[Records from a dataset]
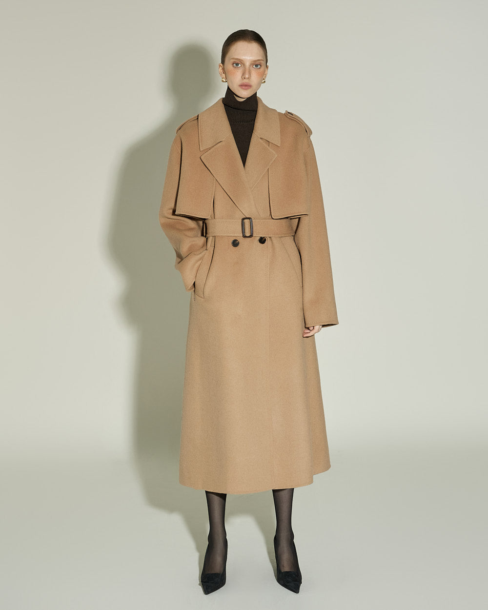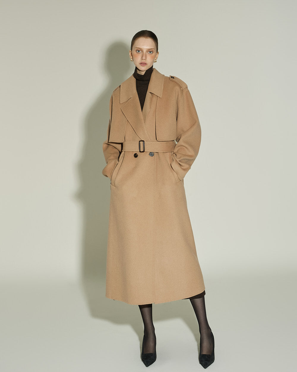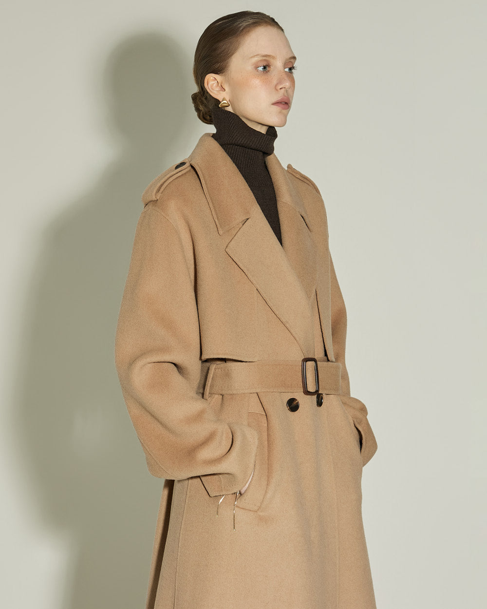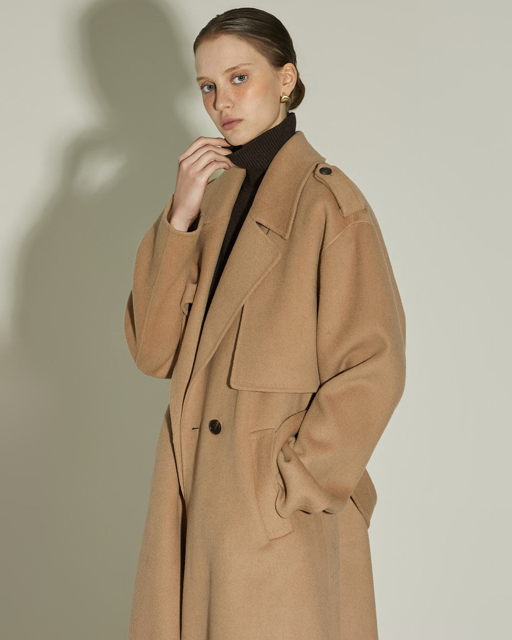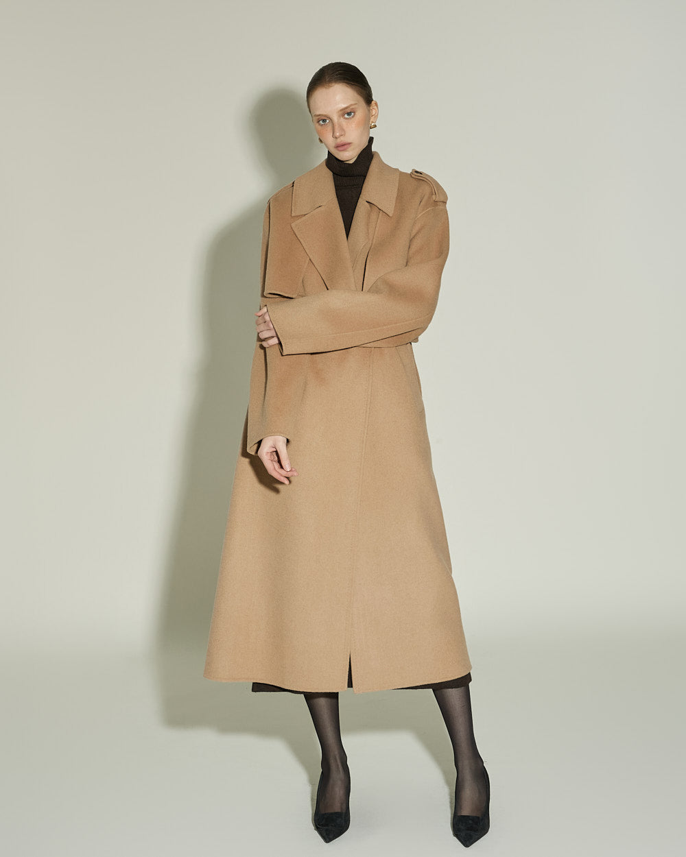 The 174cm model is wearing size ONE in DARK BROWN.
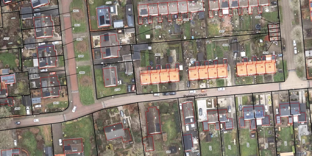 Het perceel waarop Pelmolenlaan 8 staat heeft een oppervlakte van 3015 m². Dit is een zeer groot perceel. De perceeloppervlakte wordt geregistreerd door het Kadaster. Gedetailleerde informatie over de maten van dit perceel kunt u vinden in het rapport Kadastrale kaart met maatvoering van Pelmolenlaan 8.
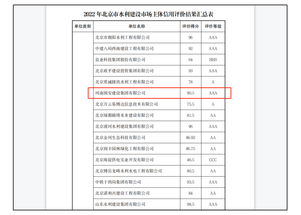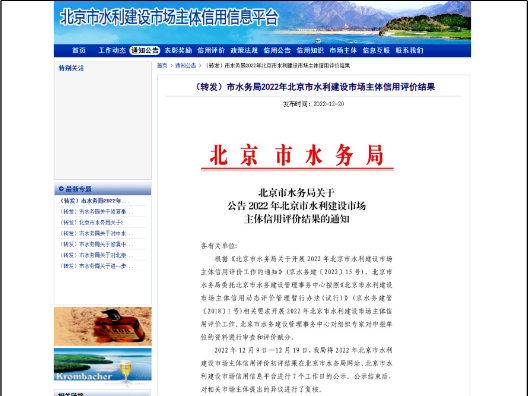 2022年12月22日,北京市水務(wù)局發(fā)布關(guān)于公告2022年北京市水利建設(shè)市場(chǎng)主體信用評(píng)價(jià)結(jié)果的通知,集團(tuán)公司以90.5的高分通過了此次評(píng)價(jià),獲得了高等級(jí)AAA級(jí)信用評(píng)價(jià),為集團(tuán)公司開拓水利業(yè)務(wù)打下了良好的基礎(chǔ)。
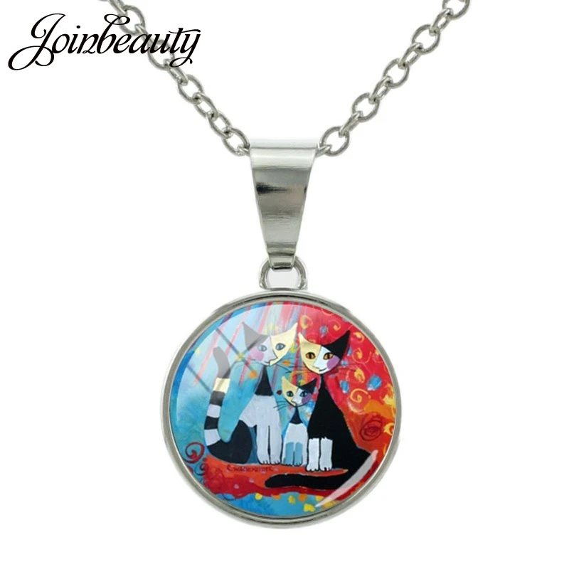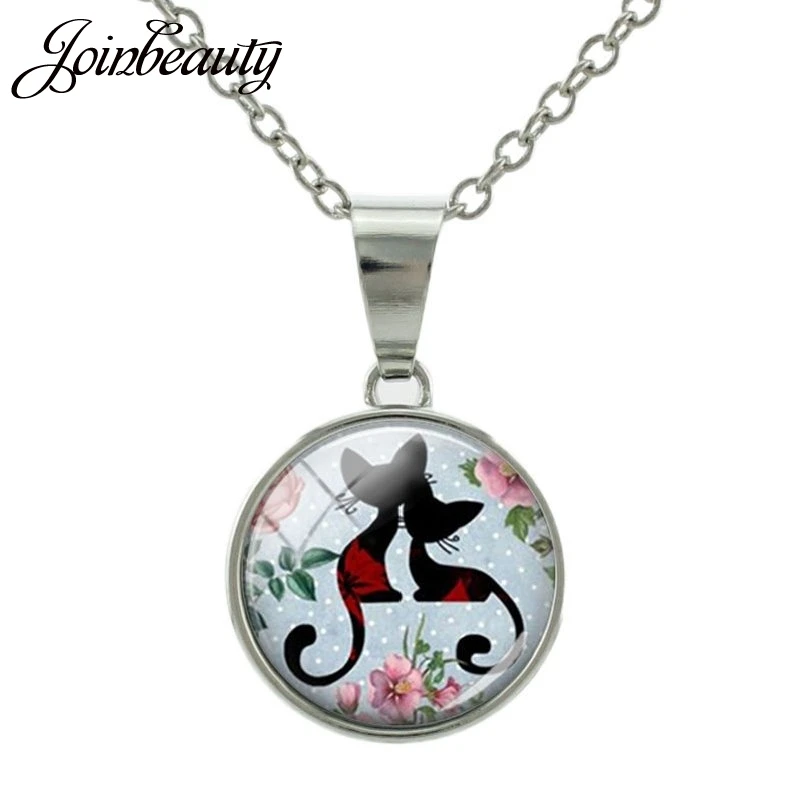 JOINBEAUTY, двойное ювелирное изделие для влюбленных кошек, женские ожерелья, стеклянный кабошон, ожерелье с застежкой, кулон ручной работы NS964
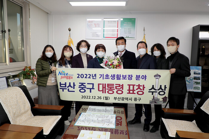 [로컬세계 부산=맹화찬 기자]부산시 중구(중구청장 최진봉)는 보건복지부가 시행한 ‘2022년 기초생활보장분야 평가’에서 전국 243개 지방자치단체 중 최우수로 선정돼 대통령 기관 표창을 수상했다고 27일 밝혔다.
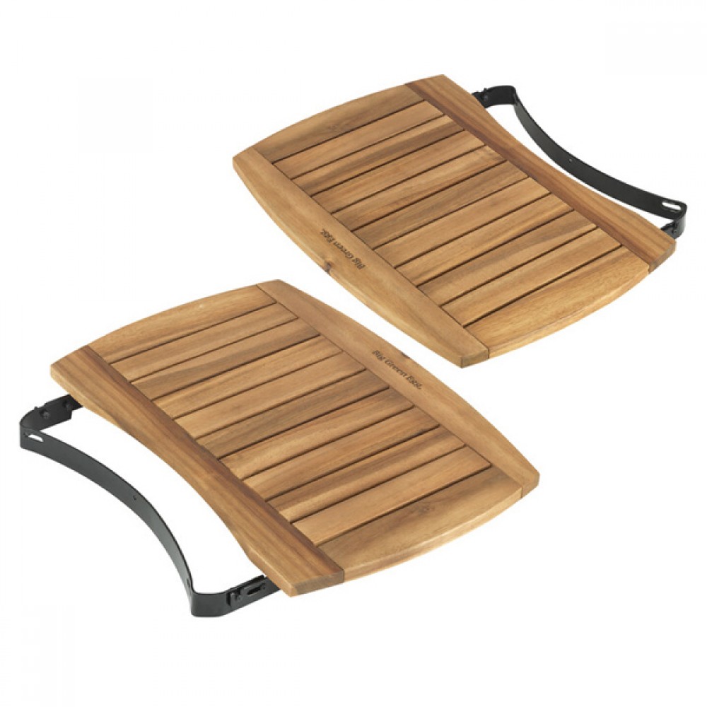 Бічні столики з натуральної деревини роблять роботу на вашому Big Green Egg ще простіше і приємніше. На них ви зможете розмістити все необхідне - продукти, обробні дошки, тарілки і багато іншого. Крім того, в комплект входять спеціальні гачки, на яких зручно розміщуються щипці, лопатки, щітки та інші корисні інструменти. Таким чином ви отримуєте можливість тримати все необхідне для роботи на вашому Big Green Egg під рукою, не використовуючи при цьому ніяких додаткових столів, шаф або стелажів. Зручна конструкція дозволяє легко скласти столики і вони практично не займуть додаткового простору при зберіганні.
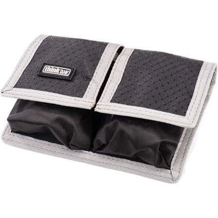 The Think Tank Photo Pro DSLR Battery Holder (Black with Gray Interior) holds two pro-size DSLR batteries in two separate pockets. The ballistic nylon holder folds in half for easy storage within your gear bag and will also fold flat when empty.
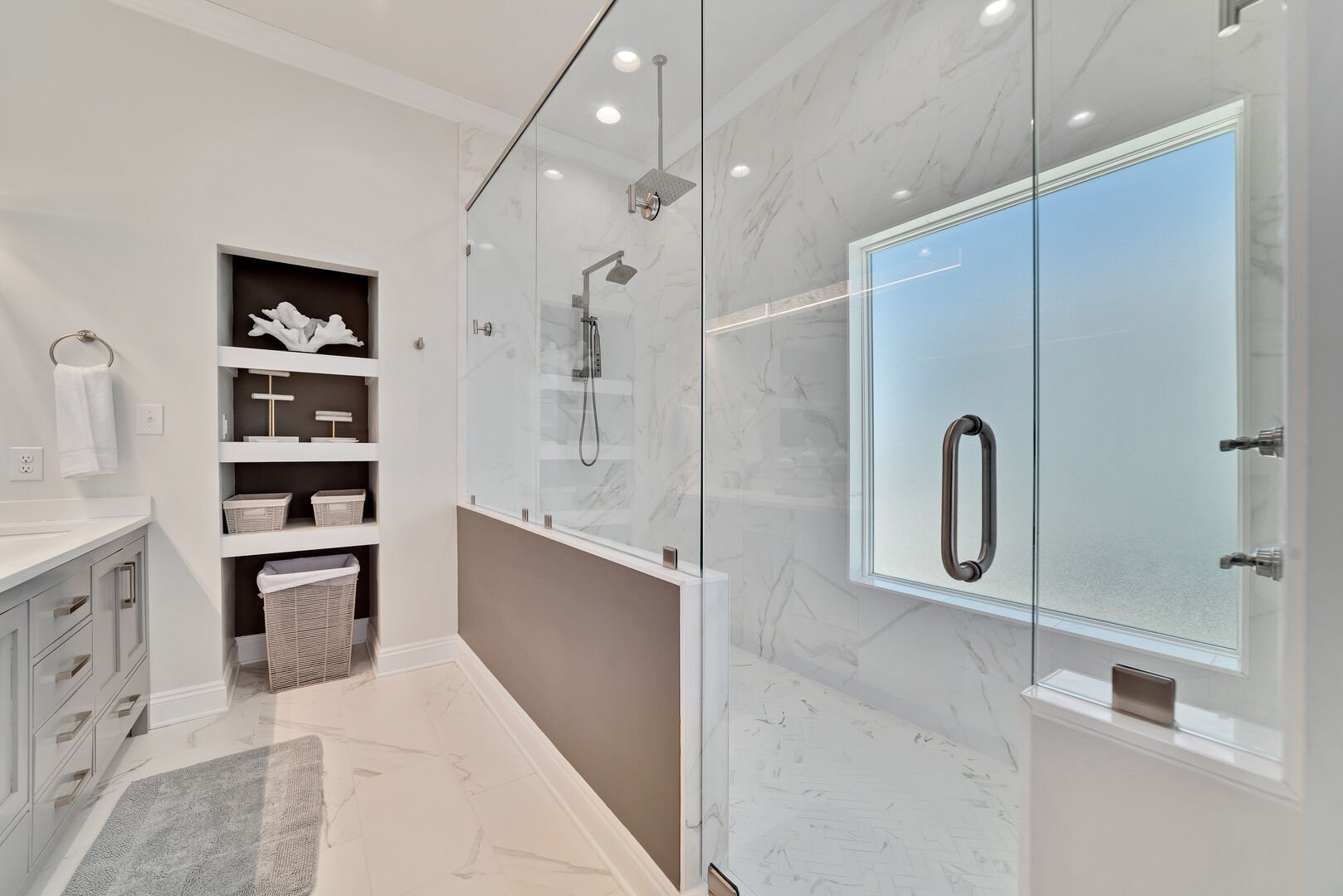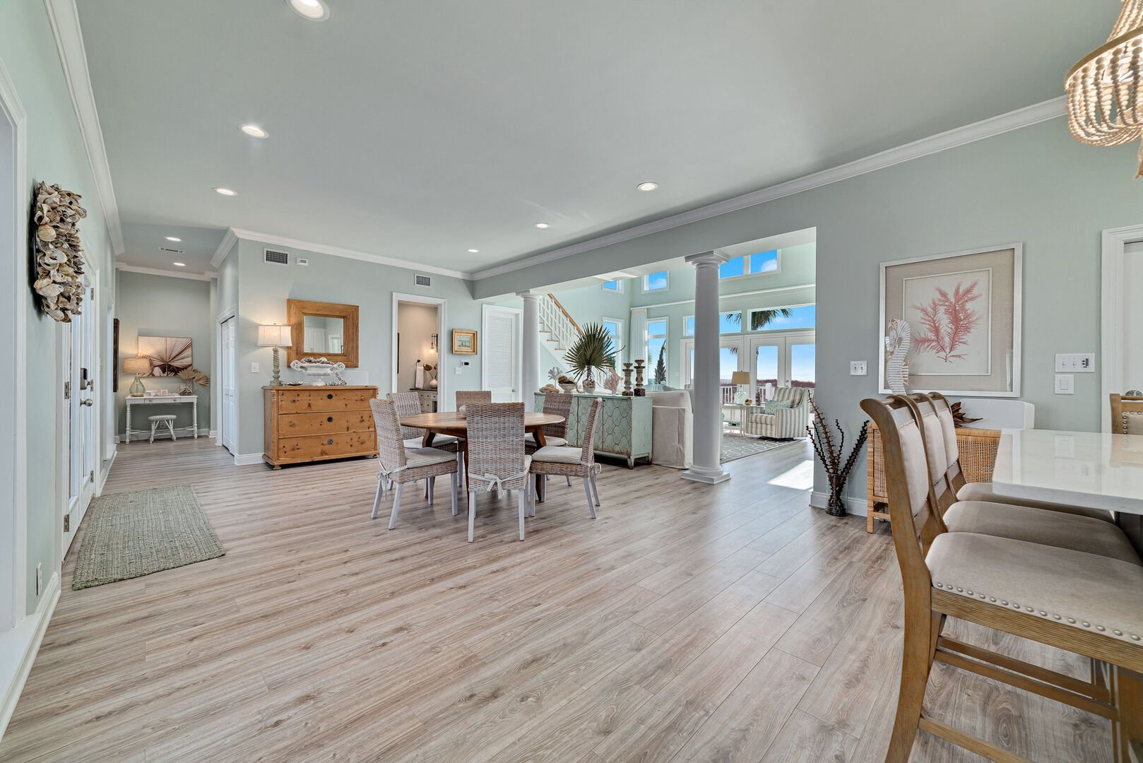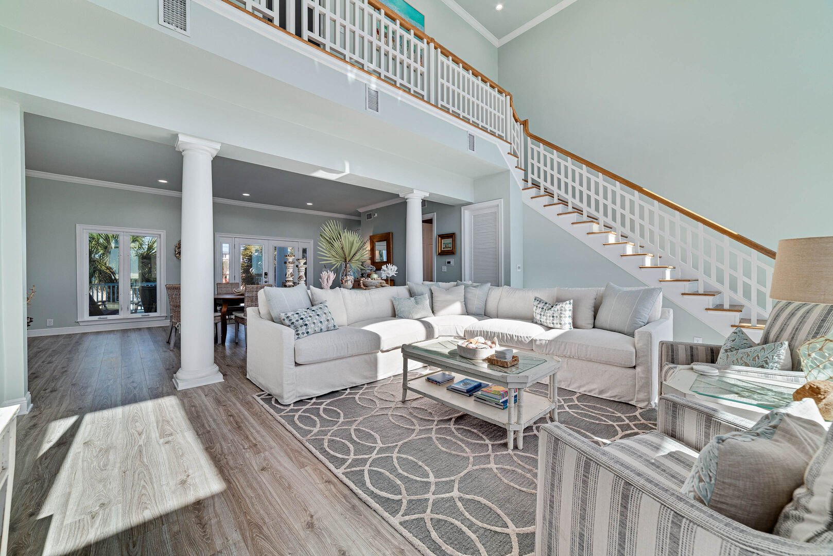 Beautifully renovated luxury beachfront vacation rental home in Gulf Shores, Seaside Palms was completely worth the wait. Spectacular two-story wall of windows in the living room plus a big kitchen, gracious beachfront primary bath and wonderful screened and open porches with a front-row view and direct access to the sugar-white sand beach.

* **INSTRUCTIONS TO FOLLOW**
Transcribe every line of the records exactly. Pictures do not belong in the copy.

* **SOLUTION TO THE EXERCISE**
 The 174cm model is wearing size ONE in DARK BROWN.
 Het perceel waarop Pelmolenlaan 8 staat heeft een oppervlakte van 3015 m². Dit is een zeer groot perceel. De perceeloppervlakte wordt geregistreerd door het Kadaster. Gedetailleerde informatie over de maten van dit perceel kunt u vinden in het rapport Kadastrale kaart met maatvoering van Pelmolenlaan 8.
 2022年12月22日,北京市水務(wù)局發(fā)布關(guān)于公告2022年北京市水利建設(shè)市場(chǎng)主體信用評(píng)價(jià)結(jié)果的通知,集團(tuán)公司以90.5的高分通過了此次評(píng)價(jià),獲得了高等級(jí)AAA級(jí)信用評(píng)價(jià),為集團(tuán)公司開拓水利業(yè)務(wù)打下了良好的基礎(chǔ)。
 JOINBEAUTY, двойное ювелирное изделие для влюбленных кошек, женские ожерелья, стеклянный кабошон, ожерелье с застежкой, кулон ручной работы NS964
 [로컬세계 부산=맹화찬 기자]부산시 중구(중구청장 최진봉)는 보건복지부가 시행한 ‘2022년 기초생활보장분야 평가’에서 전국 243개 지방자치단체 중 최우수로 선정돼 대통령 기관 표창을 수상했다고 27일 밝혔다.
 Бічні столики з натуральної деревини роблять роботу на вашому Big Green Egg ще простіше і приємніше. На них ви зможете розмістити все необхідне - продукти, обробні дошки, тарілки і багато іншого. Крім того, в комплект входять спеціальні гачки, на яких зручно розміщуються щипці, лопатки, щітки та інші корисні інструменти. Таким чином ви отримуєте можливість тримати все необхідне для роботи на вашому Big Green Egg під рукою, не використовуючи при цьому ніяких додаткових столів, шаф або стелажів. Зручна конструкція дозволяє легко скласти столики і вони практично не займуть додаткового простору при зберіганні.
 The Think Tank Photo Pro DSLR Battery Holder (Black with Gray Interior) holds two pro-size DSLR batteries in two separate pockets. The ballistic nylon holder folds in half for easy storage within your gear bag and will also fold flat when empty.
 Beautifully renovated luxury beachfront vacation rental home in Gulf Shores, Seaside Palms was completely worth the wait. Spectacular two-story wall of windows in the living room plus a big kitchen, gracious beachfront primary bath and wonderful screened and open porches with a front-row view and direct access to the sugar-white sand beach.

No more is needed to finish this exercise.